Saturday, April 25, 2015

Game Club!

Since all the other cool programs are upcoming, I decided to take this break to blog about one of our (the teens and mine) constant favorites here at the library which is Thursday night Game night. This is a night for teens to come and relax and just have fun playing video games, board games, or challenging someone to a game of chess. I think it is really important for teens to have this night to just do something fun, and it really easy to set up and run. Having a game night is great for interaction with the teens too, as everyone is just having a good time playing a game. Teen programming does not have to be all complicated or fancy, sometimes a board game, Mario Kart, or a chess board is all it takes to bring the teens in, have them interact with you, and get them excited about the library. So go ahead, play that video game! Have some fun! It will be beneficial for you and the teens.

What is your favorite game? Leave a comment!

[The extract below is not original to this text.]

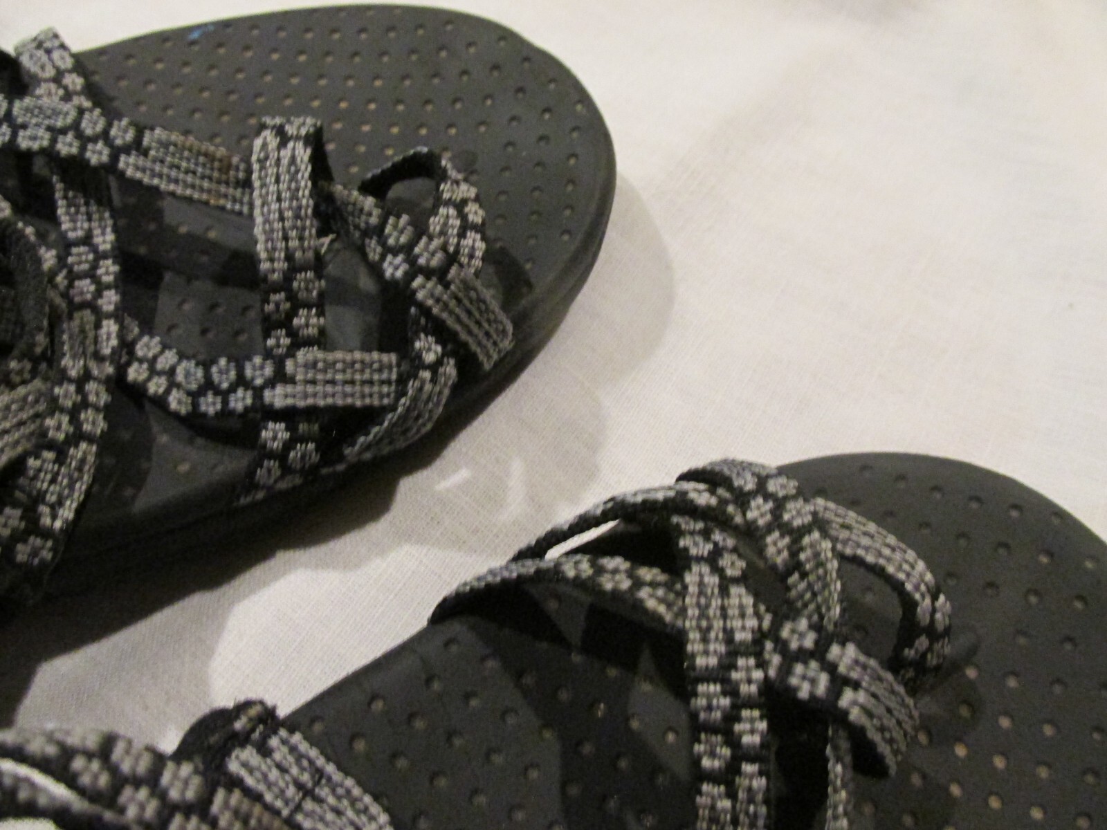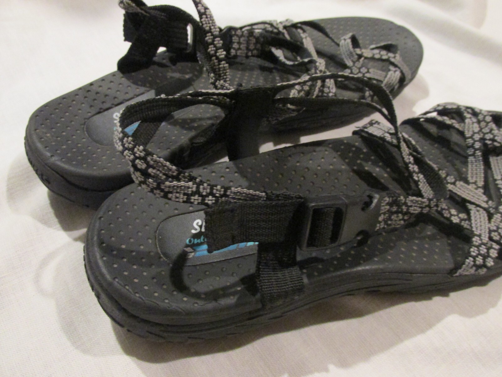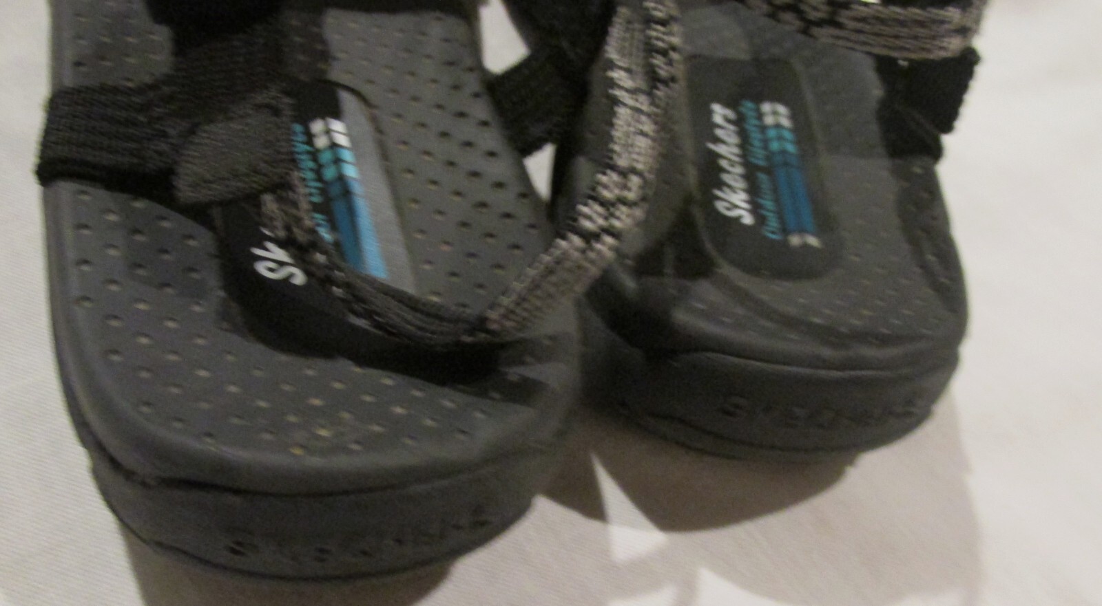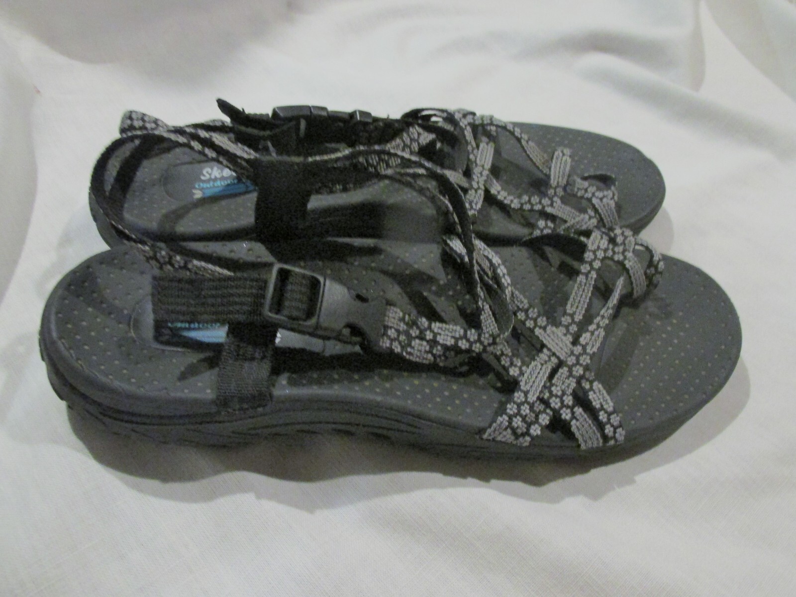 Skechers Reggae Strappy Outdoor Lifestyle Gray Toe Sandals Women Size 91/2-10 Check measurements in pictures. Size is not marked inside shoes.
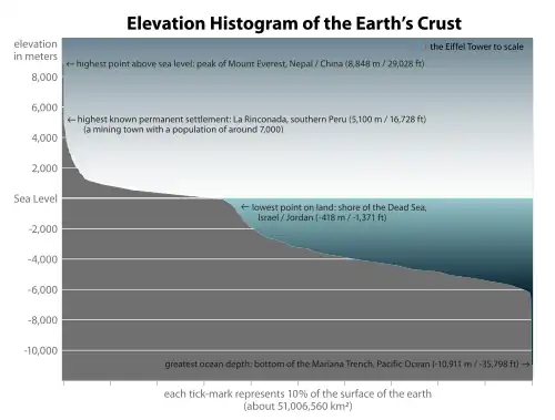 A topografia local desvia-se deste esferoide idealizado ainda que, numa escala global, estes desvios sejam muito pequenos: a Terra tem uma tolerância de cerca de uma parte em 584, ou 0,17%, do esferoide de referência, o que é menor que a tolerância de 0,22% permitida nas bolas de bilhar.[75] Os maiores desvios locais na superfície rochosa da Terra são o Monte Everest (8 848 m acima do nível do mar) e a Fossa das Marianas (10 984 m abaixo do nível do mar).[76] Devido à saliência equatorial, os locais da superfície mais afastados do centro da Terra são os cumes do Chimborazo no Equador e de Huascarán no Peru.[77][78][79]

Dawn (and BMO) states: Who wants to play video games!?

May Programs

As we move into May, the speed of the programming picks up! There are some very exciting single programs planned and upcoming, and I am really looking forward to blogging about this! Stay tuned for Free Comic Book Day, Tech Petting Zoo, Teens Fourth Friday, Winter Beach Party (not so winter now I know, but our other date was snowed out!), and Honey Science to name a few. It is also time to start gearing up for summer and get all the good ideas figured out!

So as we round the corner to May and begin to pull together the final details for summer reading, I would love to hear what everyone is doing for your summer reading this year. Are you having an awesome author visit? Kickstarting a new program? Giving away great prizes? Let me know in a comment!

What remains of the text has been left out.